Inexpensive clothing is made of inexpensive materials, which could be synthetic polyester, elastane, viscose, and nylon. Wearing such materials can cause unwanted irritation and heat getting trapped, facilitating sweat and bodily discomfort, as uncovered by Bright Side. Synthetic polyester also contains harmful chemicals such as terephthalic acid and monoethylene glycol. This combination of chemicals makes it difficult for it to degrade, too. Thus, becoming a pollution issue. Materials that take a long time to degrade end up piling up in landfills and oceans. 

Fast fashion aims to spoon-feed consumer trends sliding right off the runway and into stores quickly, later to be discarded after a few uses. Unfortunately, this facilitates the idea that one must constantly be updating their wardrobe to seem fashionable, rather than practicing minimalist fashion and buying timeless pieces that can be re-worn. This overconsumption and mindless discarding has made fashion one of the largest components of pollution. 

Morris Knolls students have also noticed the impact of fast fashion within the Denville and Rockaway communities. As a school with a variety of programs and students from out-of-district, we bring in a variety of different styles and forms of artistic expression. In spite of this diversity, there is a rising worry over the social and environmental effects of rapid fashion. Students are growing more conscious of the harm that cheaply produced apparel causes to the environment and the laborers who produce it. As a result, there is a push in our school community to encourage ethical and ecological fashion choices. Morris Knolls students are working to change the fashion business and the community at large by organizing activities like clothes exchanges, thrift stores, and talks about the value of mindful consumption. 

Sophomore Soniya Shah shared her opinion, saying “I think that fast fashion is something that has taken over the lives of almost every person, even when they don’t realize it. I see it in the clothes that I throw out every season in the spring, which some families call ‘spring cleaning.’ Recently, I’ve been donating clothes to make it feel less like I am wasting or hurting the environment, but I know that regardless the issue of fast fashion is still present in my life. Honestly, I’d call it a sickness that humans are causing themselves…buying is an addiction in my eyes and fast fashion is an outlet.” 
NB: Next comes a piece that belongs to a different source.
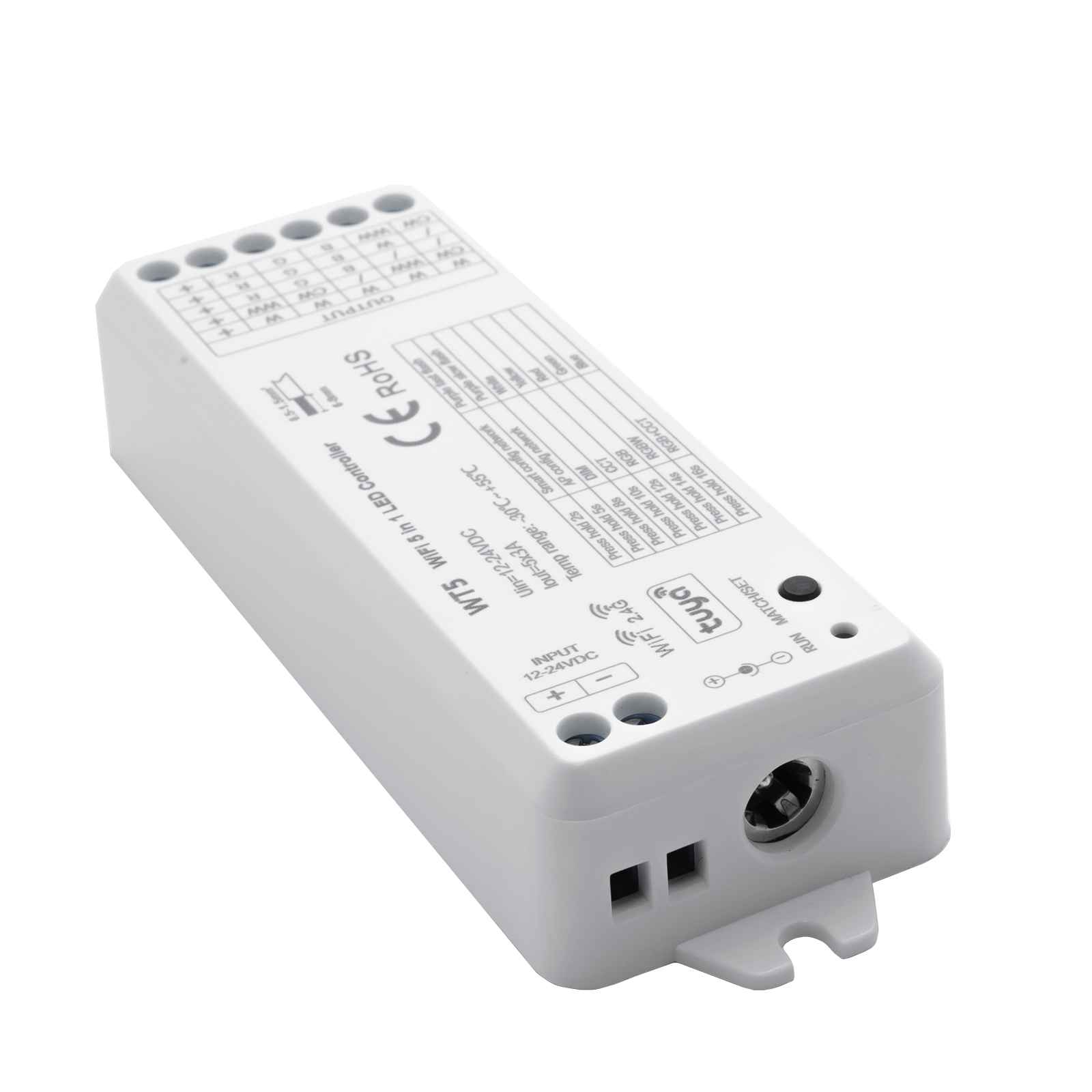 Ricevitore controller 5 in 1 per strip RGB+CCT, RGBW, RGB, CCT e monocromatiche 12V/24V. È possibile comandarlo in Wi-Fi tramite Tuya app o assistenti vocali Amazon Alexa e Google Home, oppure associarlo a tutti i telecomadi RF 2.4G. Ogni controller WT5 può funzionare anche come convertitore WiFi-RF, quindi è possibile utilizzare l'APP Tuya per controllare uno o più controller LED RF o driver led dimmerabili RF.

Sophomore Olivia Alvarez added, “While I have not bought anything from any fast fashion company, I understand the appeal. The ethics are questionable, but it makes up for it since it is so inexpensive.”

So what is there to do? 

The fashion industry is gradually changing to more environmentally friendly methods of consumption. Gen-Z environmentalists highly recommend thrifting clothing from consignment or resale stores as a strategy to support circular fashion and cut waste, as seen by statistics gathered from Digital Commerce 360. Moreover, purchasing classic, high-quality items from ethical clothing companies that value ethical labor standards and eco-friendly materials is becoming increasingly popular. As more individuals understand the value of mindful consumption and lessen the overall environmental effect of rapid fashion, minimalism is also growing in popularity. Individuals may contribute to a more ethical and sustainable fashion business by adopting these changes in their shopping patterns, which will ultimately aid in unraveling the negative aspects of rapid fashion.